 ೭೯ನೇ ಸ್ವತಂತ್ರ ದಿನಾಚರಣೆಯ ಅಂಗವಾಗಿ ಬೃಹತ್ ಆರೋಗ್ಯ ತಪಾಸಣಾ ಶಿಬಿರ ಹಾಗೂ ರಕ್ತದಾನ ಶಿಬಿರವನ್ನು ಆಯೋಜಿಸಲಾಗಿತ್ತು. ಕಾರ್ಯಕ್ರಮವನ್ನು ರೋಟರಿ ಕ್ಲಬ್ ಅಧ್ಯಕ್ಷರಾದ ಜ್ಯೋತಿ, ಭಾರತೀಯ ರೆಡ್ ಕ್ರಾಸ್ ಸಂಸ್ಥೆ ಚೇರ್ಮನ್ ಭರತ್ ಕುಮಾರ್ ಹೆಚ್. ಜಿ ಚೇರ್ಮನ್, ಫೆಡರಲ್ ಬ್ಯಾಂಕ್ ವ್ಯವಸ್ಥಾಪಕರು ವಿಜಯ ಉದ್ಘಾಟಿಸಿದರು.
==
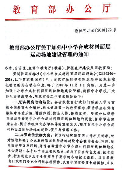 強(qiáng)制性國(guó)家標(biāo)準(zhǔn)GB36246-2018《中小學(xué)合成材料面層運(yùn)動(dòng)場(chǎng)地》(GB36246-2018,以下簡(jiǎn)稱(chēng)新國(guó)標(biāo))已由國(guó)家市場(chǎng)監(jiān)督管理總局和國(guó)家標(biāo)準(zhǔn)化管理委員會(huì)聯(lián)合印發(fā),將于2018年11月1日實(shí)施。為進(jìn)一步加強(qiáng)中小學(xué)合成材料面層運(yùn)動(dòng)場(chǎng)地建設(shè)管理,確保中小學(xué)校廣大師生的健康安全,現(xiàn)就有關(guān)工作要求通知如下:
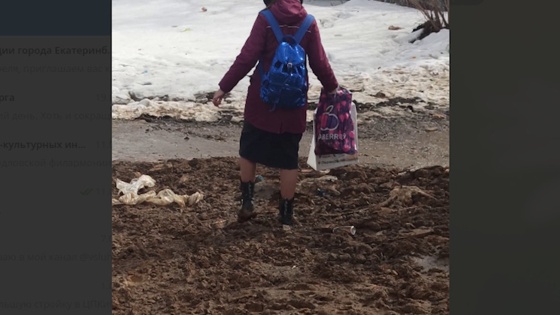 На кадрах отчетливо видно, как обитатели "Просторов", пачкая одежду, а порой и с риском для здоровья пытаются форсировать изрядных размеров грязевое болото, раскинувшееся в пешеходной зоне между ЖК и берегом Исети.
* * *
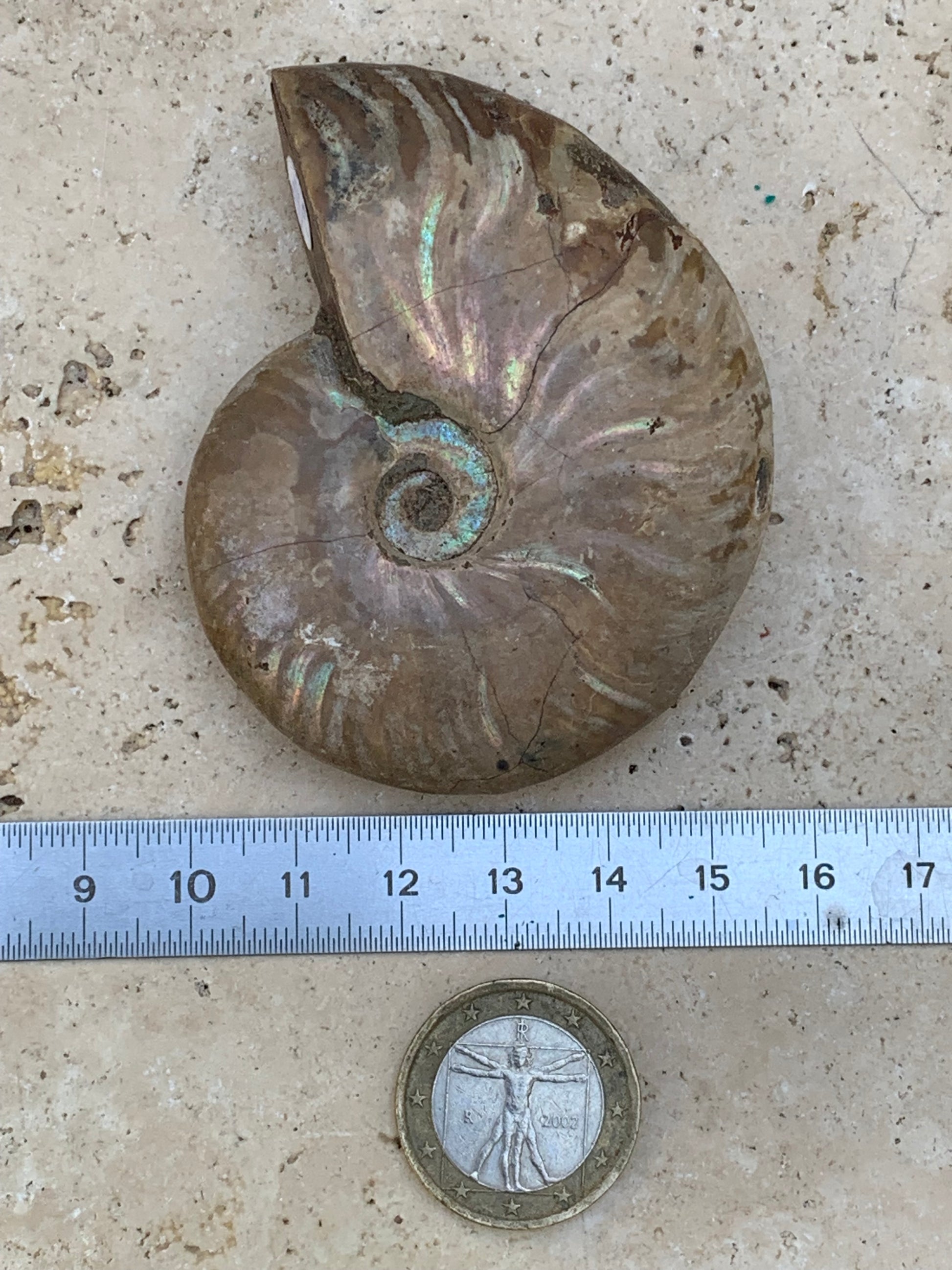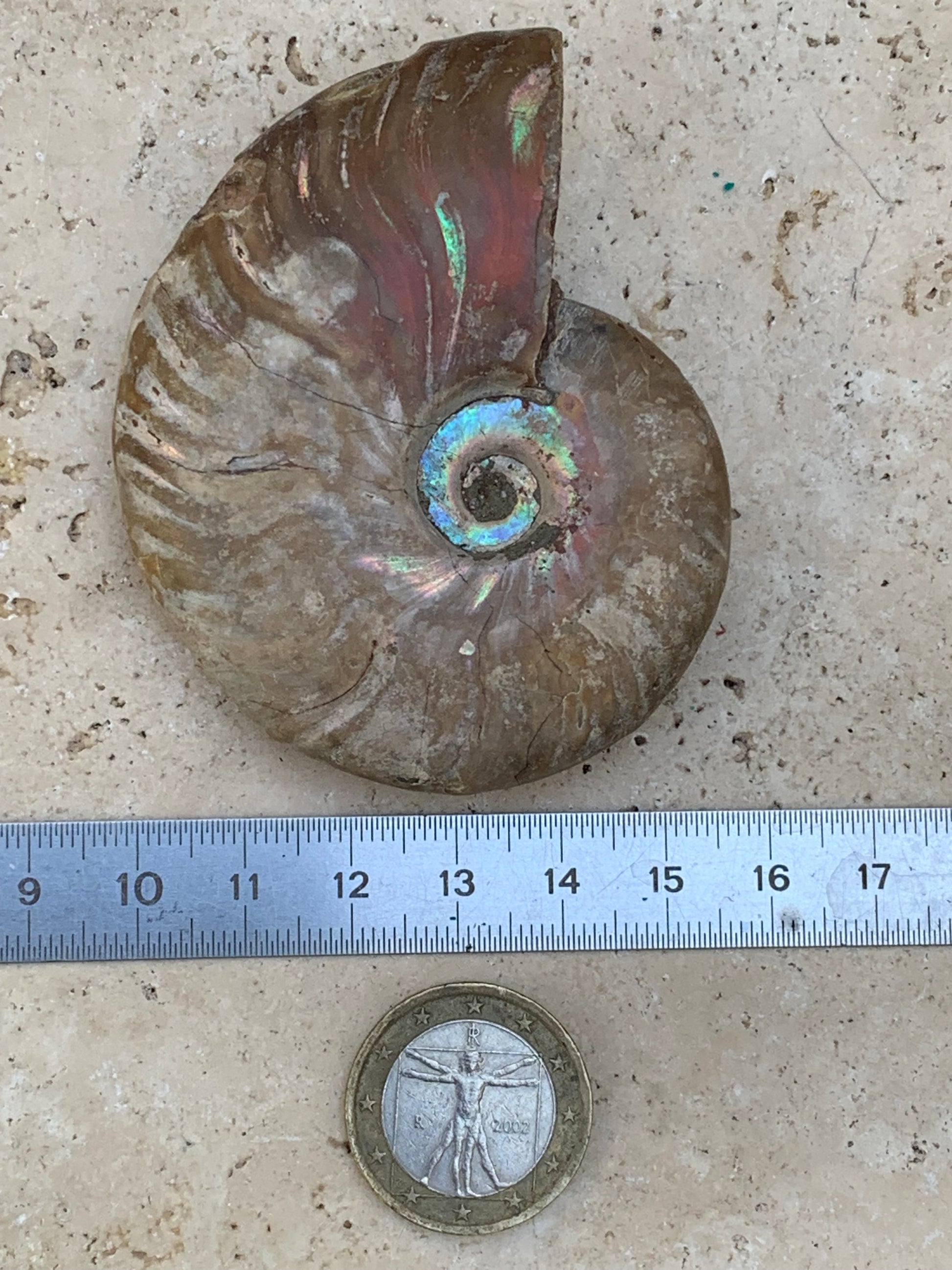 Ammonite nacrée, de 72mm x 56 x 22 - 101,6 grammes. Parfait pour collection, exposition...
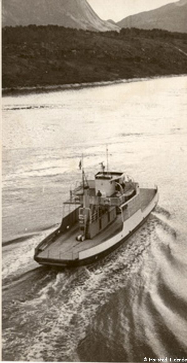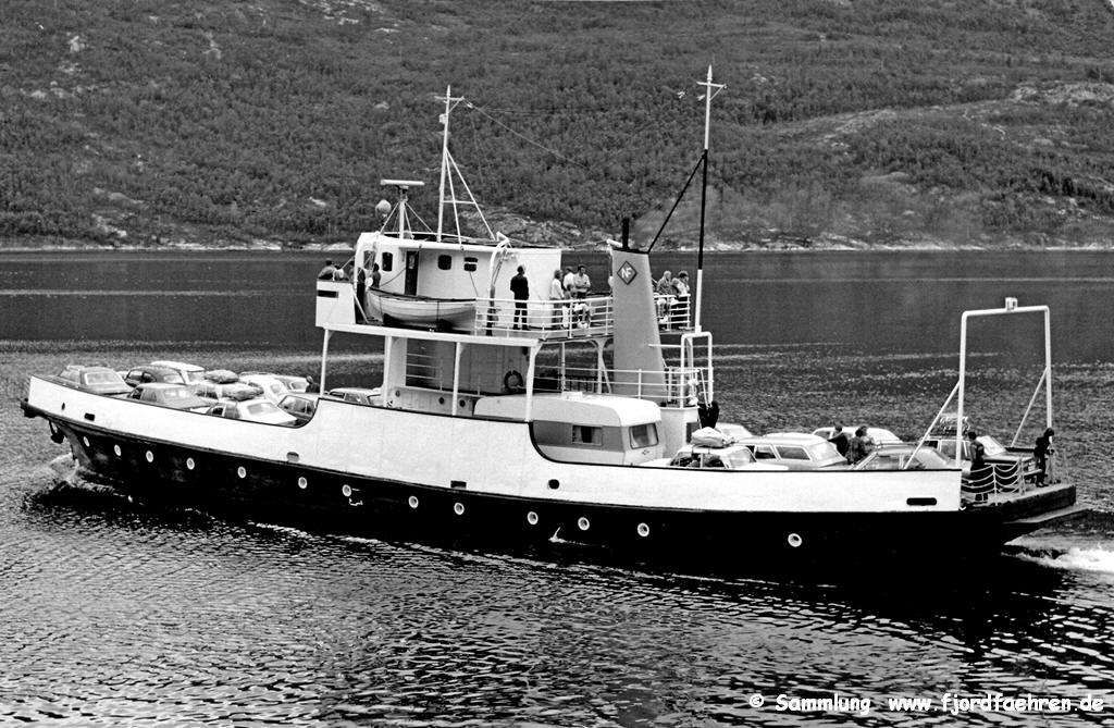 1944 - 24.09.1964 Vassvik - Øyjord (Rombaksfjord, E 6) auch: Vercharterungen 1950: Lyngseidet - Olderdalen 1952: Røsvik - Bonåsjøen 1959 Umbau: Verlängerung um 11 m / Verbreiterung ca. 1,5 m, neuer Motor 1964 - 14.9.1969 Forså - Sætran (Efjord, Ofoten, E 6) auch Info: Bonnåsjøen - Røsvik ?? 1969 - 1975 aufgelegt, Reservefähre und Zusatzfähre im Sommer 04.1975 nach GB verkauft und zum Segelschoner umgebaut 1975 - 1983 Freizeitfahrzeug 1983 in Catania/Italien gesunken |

* [Instructions to follow] Each line between the one holding "強(qiáng)制性國(gu" and the one holding "На кадрах отчетливо", inclusive, should be copied exactly as it appears above, and pictures should be omitted.

* [Written response]
 強(qiáng)制性國(guó)家標(biāo)準(zhǔn)GB36246-2018《中小學(xué)合成材料面層運(yùn)動(dòng)場(chǎng)地》(GB36246-2018,以下簡(jiǎn)稱(chēng)新國(guó)標(biāo))已由國(guó)家市場(chǎng)監(jiān)督管理總局和國(guó)家標(biāo)準(zhǔn)化管理委員會(huì)聯(lián)合印發(fā),將于2018年11月1日實(shí)施。為進(jìn)一步加強(qiáng)中小學(xué)合成材料面層運(yùn)動(dòng)場(chǎng)地建設(shè)管理,確保中小學(xué)校廣大師生的健康安全,現(xiàn)就有關(guān)工作要求通知如下:
 На кадрах отчетливо видно, как обитатели "Просторов", пачкая одежду, а порой и с риском для здоровья пытаются форсировать изрядных размеров грязевое болото, раскинувшееся в пешеходной зоне между ЖК и берегом Исети.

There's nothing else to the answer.